DPRD Agam Laksanakan Hearing Dengan Tim Gugus Penanganan Covid-19

Selasa, 12 Mei 2020


WARTABERITA.CO.ID:
AGAM - Ketua DPRD Kabupaten Agam Provinsi Sumatera Barat Novi Irwa, menggelar hearing dengan Tim Gugus Penanganan Covid-19 daerah itu, Senin, (11/5/2020).

Rapat tersebut dilaksanakan guna untuk mengetahui bagaimana penanganan Covid-19 di Kabupaten Agam sejauh sebelumnya.

Dimana rapat tersebut dipimpin langsung oleh Ketua DPRD Agam dan dihadiri secara teleconference oleh anggota DPRD Agam, Ketua Tim Gugus Penanganan Covid-19 Kabupaten Agam Martias Wanto serta jajarannya.

Ketua DPRD Agam Novi Irwan mengatakan rapat tersebut guna untuk membahas tentang pananganan Covid-19 di Kabupaten Agam dimana sampai sejauh ini sudah ada masyarakat Agam yang terpapar positif Covid-19.

Ketua Tim Gugus Penanganan Covid-19 Kabupaten Agam Martias Wanto mengatakan untuk kondisi Kabupaten Agam saat ini terdapat 387 orang tanpa gejala (OTG), 37 orang dalam pemantauan (ODP), 8 orang PDP, dan 14 orang terpapar positif Covid-19.

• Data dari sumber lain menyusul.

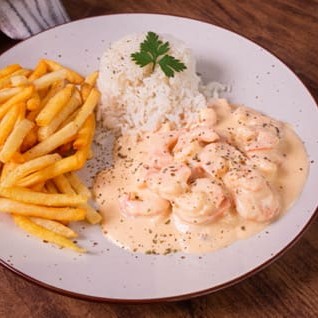 Prato Classico Da Casa Desde 2017. Nosso Irresistivel Molho De Camarão Ao Requeijão, Servido Com Arroz Branco E Fritas Corte Fino.
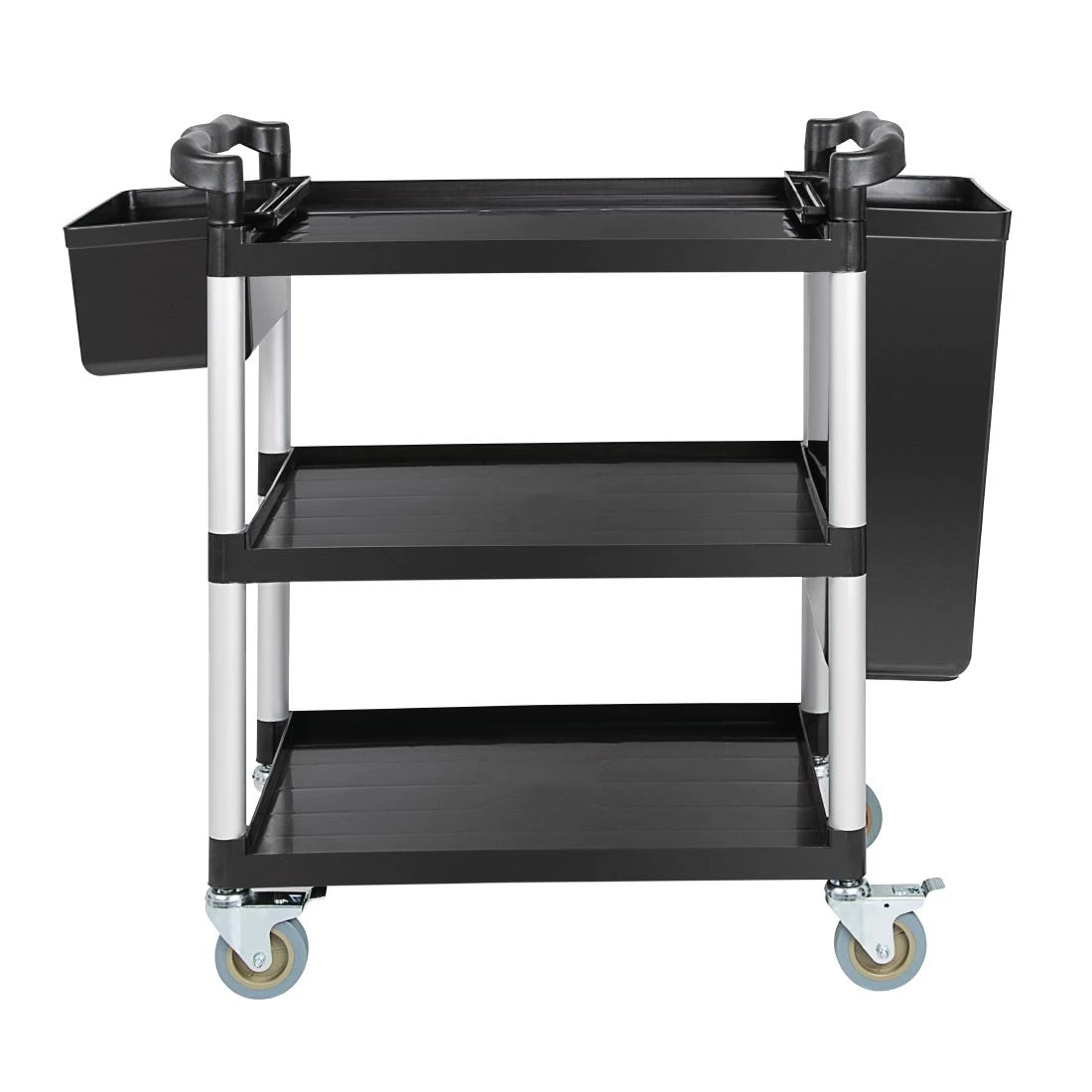 Whether you’re transporting plates, refuse, small appliances or laundry, the Vogue small mobile trolley is a reliable solution for lightening the load.

"Kita akan melanjutkan mengambil swap dimana ada beberapa orang yang belum kita ambil swapnya dan ada juga yang harus diulang mengambil swap," Ujarnya.

Martias Wanto menambahkan, Dari 4 Puskesmas yang melaksanakan kegiatan secara terbatas hanya tinggal 2 lagi yang masih melaksanakan kegiatan secara terbatas yakni Puskesmas Baso dan Puskesmas Lasi.

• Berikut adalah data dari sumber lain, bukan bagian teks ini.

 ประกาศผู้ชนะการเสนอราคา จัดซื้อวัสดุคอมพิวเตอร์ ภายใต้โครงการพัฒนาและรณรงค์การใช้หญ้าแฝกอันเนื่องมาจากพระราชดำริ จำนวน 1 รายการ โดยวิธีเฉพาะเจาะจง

"Untuk puskemas lasi hari ini akan keluar hasil swap nya, Jika hasilnya negatif semua maka pelayanan di puskesmas tersebut akan dibuka lagi secara umum. Sedangkan, Puskesmas Tilatang Kamang dan Biaro sudah dapat beroperasi dengan normal seperti biasanya," Jelasnya

Ia juga mengatakan, sejauh ini pihaknya telah melaksanakan kegiatan-kegiatan seperti sosialisasi kepada masyarakat dan komunitas-komunitas terkait dengan bahaya penyebaran Covid-19, Serta juga telah membentuk tim untuk meninjau PSBB.

"Kita juga telah melaksanakan bantuan berupa beras, garam, sayuran dan bantuan lainnya. Pada penyaluran bantuan pada bulan pertama penanganan Covid-19 yakni, Beras gratis, operasi pasar khusus, garam gratis, penyaluran sayuran, buah-buahan dan bahan pangan lainnya," kata Martias Wanto.

Selain itu, Dia juga memberikan bantuan beras gratis kepada kelompok yang kehilangan penghasilan, bantuan dari donatur dan pihak ketiga, PKH program sembako, lanjutan Agam Menyemai, humas.